Seeking a statistical javascript function to return p-value from a z-score

I need to convert z-scores to percentile. I found reference to a function in the jStat library that I could use (jstat.ztest), but the jStat documentation seems to be ahead of the available library because there is no such function in the currently available version of the library.

I think there is a more recent version of the library on GitHub, which may include the ztest function, but I am a linux novice and could not figure out how to build the library from the instructions. I spent most of a day learning about git bash and cygwin trying to build the library; I finally decided I'd be better off asking here.

So, could anyone point me toward a javascript function that would do what I need?

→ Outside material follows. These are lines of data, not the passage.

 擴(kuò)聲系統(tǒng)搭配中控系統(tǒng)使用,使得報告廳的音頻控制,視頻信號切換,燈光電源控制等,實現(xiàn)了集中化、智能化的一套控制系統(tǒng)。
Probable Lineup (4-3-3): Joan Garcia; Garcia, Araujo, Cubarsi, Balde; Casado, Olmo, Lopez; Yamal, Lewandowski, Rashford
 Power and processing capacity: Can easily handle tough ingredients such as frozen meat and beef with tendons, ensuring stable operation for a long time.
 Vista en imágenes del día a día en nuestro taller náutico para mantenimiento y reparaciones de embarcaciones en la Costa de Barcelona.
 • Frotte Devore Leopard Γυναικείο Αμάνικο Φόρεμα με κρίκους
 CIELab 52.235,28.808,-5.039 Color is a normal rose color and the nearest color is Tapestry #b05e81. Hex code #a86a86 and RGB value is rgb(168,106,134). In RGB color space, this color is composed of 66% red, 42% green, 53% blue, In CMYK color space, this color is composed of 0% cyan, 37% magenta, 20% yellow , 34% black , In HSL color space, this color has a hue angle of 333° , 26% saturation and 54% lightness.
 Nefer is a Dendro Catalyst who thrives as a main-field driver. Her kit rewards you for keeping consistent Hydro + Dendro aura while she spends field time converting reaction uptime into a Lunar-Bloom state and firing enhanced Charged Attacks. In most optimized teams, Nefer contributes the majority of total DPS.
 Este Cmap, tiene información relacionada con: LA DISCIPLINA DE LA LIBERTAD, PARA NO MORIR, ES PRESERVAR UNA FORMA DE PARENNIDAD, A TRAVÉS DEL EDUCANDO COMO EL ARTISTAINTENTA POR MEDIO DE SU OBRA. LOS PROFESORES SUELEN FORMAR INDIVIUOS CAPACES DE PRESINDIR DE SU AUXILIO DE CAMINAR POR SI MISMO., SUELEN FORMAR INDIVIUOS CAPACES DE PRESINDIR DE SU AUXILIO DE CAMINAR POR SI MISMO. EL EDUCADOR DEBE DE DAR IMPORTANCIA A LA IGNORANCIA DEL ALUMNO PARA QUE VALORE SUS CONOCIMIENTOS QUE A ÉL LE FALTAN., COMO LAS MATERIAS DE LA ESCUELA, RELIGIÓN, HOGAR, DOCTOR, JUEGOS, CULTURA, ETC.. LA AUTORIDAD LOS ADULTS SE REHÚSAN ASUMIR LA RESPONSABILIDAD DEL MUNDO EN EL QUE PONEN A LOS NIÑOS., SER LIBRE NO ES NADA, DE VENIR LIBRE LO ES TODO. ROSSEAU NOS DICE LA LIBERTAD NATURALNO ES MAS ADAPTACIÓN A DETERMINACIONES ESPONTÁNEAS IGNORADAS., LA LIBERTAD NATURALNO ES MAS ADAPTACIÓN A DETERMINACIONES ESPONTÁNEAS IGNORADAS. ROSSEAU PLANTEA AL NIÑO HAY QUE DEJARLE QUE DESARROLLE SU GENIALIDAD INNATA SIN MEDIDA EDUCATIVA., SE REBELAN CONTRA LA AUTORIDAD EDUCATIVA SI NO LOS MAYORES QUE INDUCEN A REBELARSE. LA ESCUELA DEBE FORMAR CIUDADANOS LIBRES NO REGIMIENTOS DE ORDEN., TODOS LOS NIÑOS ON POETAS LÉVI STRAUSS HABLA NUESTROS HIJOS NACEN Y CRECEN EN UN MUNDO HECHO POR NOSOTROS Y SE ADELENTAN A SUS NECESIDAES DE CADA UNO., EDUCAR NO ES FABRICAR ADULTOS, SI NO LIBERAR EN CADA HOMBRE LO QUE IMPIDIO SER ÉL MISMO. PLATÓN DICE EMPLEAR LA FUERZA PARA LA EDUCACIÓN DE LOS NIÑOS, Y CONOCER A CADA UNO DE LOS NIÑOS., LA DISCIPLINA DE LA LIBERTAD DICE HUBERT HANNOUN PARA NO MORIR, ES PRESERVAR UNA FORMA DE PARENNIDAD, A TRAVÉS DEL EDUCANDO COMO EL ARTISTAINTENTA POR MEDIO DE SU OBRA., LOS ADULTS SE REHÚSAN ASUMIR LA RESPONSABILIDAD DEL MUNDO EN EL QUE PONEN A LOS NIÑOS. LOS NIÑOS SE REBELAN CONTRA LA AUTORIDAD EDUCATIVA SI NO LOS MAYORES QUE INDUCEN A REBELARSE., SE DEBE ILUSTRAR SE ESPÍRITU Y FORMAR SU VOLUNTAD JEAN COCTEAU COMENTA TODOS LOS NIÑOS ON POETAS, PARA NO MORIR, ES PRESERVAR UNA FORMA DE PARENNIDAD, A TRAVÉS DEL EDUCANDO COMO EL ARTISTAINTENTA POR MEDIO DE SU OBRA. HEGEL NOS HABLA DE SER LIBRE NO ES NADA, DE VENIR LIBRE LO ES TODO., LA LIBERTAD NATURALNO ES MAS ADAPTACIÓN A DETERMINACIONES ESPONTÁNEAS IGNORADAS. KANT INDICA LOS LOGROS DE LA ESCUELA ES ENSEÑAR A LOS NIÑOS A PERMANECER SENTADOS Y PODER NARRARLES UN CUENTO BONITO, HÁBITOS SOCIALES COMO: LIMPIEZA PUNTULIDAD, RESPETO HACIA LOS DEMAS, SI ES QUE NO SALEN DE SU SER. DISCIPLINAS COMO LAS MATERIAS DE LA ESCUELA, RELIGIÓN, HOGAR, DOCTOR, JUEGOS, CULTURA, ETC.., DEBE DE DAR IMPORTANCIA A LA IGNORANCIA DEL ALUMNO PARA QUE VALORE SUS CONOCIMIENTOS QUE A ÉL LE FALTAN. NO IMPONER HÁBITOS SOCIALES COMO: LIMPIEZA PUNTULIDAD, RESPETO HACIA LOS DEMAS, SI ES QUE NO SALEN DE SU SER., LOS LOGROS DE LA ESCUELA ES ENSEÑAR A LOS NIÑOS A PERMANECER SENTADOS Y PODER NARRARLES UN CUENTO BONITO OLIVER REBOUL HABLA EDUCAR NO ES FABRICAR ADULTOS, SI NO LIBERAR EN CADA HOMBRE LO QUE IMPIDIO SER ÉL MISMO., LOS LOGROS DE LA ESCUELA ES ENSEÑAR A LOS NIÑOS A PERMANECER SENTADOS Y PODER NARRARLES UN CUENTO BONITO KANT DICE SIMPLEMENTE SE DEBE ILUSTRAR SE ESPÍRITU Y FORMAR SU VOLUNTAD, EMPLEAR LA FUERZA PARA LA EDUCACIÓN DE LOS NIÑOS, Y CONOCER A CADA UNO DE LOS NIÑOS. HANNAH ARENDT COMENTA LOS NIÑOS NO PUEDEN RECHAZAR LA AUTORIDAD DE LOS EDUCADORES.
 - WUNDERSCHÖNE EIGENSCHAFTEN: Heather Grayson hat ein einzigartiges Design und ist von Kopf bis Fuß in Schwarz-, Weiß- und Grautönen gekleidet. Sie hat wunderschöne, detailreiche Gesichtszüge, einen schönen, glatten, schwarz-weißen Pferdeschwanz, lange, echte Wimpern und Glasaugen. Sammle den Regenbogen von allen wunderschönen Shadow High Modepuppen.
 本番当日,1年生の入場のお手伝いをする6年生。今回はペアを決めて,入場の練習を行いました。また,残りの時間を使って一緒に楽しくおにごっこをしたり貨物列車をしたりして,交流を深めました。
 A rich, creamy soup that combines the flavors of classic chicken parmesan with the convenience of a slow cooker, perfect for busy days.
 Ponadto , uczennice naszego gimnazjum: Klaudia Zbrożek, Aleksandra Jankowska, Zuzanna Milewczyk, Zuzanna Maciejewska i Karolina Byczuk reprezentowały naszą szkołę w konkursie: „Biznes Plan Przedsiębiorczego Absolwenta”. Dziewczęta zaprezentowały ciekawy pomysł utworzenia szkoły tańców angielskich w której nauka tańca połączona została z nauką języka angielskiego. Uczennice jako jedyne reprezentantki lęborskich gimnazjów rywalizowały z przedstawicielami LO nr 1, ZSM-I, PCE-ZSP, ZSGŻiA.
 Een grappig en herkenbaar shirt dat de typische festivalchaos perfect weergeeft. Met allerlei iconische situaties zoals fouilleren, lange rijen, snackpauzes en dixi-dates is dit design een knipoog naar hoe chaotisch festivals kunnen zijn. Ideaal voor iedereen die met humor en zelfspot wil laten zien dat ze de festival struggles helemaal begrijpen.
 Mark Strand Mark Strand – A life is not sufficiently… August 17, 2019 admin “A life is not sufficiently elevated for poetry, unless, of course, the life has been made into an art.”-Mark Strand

Alternatively, could anyone point me toward a built version of the jStat library with ztest function included?

Answers:

Answer

I found this in a forum online and it works like a charm.

function GetZPercent(z) 
  {
    //z == number of standard deviations from the mean

    //if z is greater than 6.5 standard deviations from the mean
    //the number of significant digits will be outside of a reasonable 
    //range
    if ( z < -6.5)
      return 0.0;
    if( z > 6.5) 
      return 1.0;

    var factK = 1;
    var sum = 0;
    var term = 1;
    var k = 0;
    var loopStop = Math.exp(-23);
    while(Math.abs(term) > loopStop) 
    {
      term = .3989422804 * Math.pow(-1,k) * Math.pow(z,k) / (2 * k + 1) / Math.pow(2,k) * Math.pow(z,k+1) / factK;
      sum += term;
      k++;
      factK *= k;

    }
    sum += 0.5;

    return sum;
  }

And I don't need to include a large library just for the one function.

Answer

Just editing the code from Paul's answer for a two-sided t-test

function GetZPercent(z) 
{
//z == number of standard deviations from the mean

//if z is greater than 6.5 standard deviations from the mean
//the number of significant digits will be outside of a reasonable 
//range
if ( z < -6.5)
  return 0.0;
if( z > 6.5) 
  return 1.0;

if (z > 0) { z = -z;}

var factK = 1;
var sum = 0;
var term = 1;
var k = 0;
var loopStop = Math.exp(-23);
while(Math.abs(term) > loopStop) 
{
  term = .3989422804 * Math.pow(-1,k) * Math.pow(z,k) / (2 * k + 1) / Math.pow(2,k) * Math.pow(z,k+1) / factK;
  sum += term;
  k++;
  factK *= k;

}
sum += 0.5;

return (2*sum);
}
Answer

This seems like such a simple ask but I had a hard time tracking down a library that does this instead of copying some random code snippet. Best I can tell this will calculate z-score from a percentage using the simple-statistics library.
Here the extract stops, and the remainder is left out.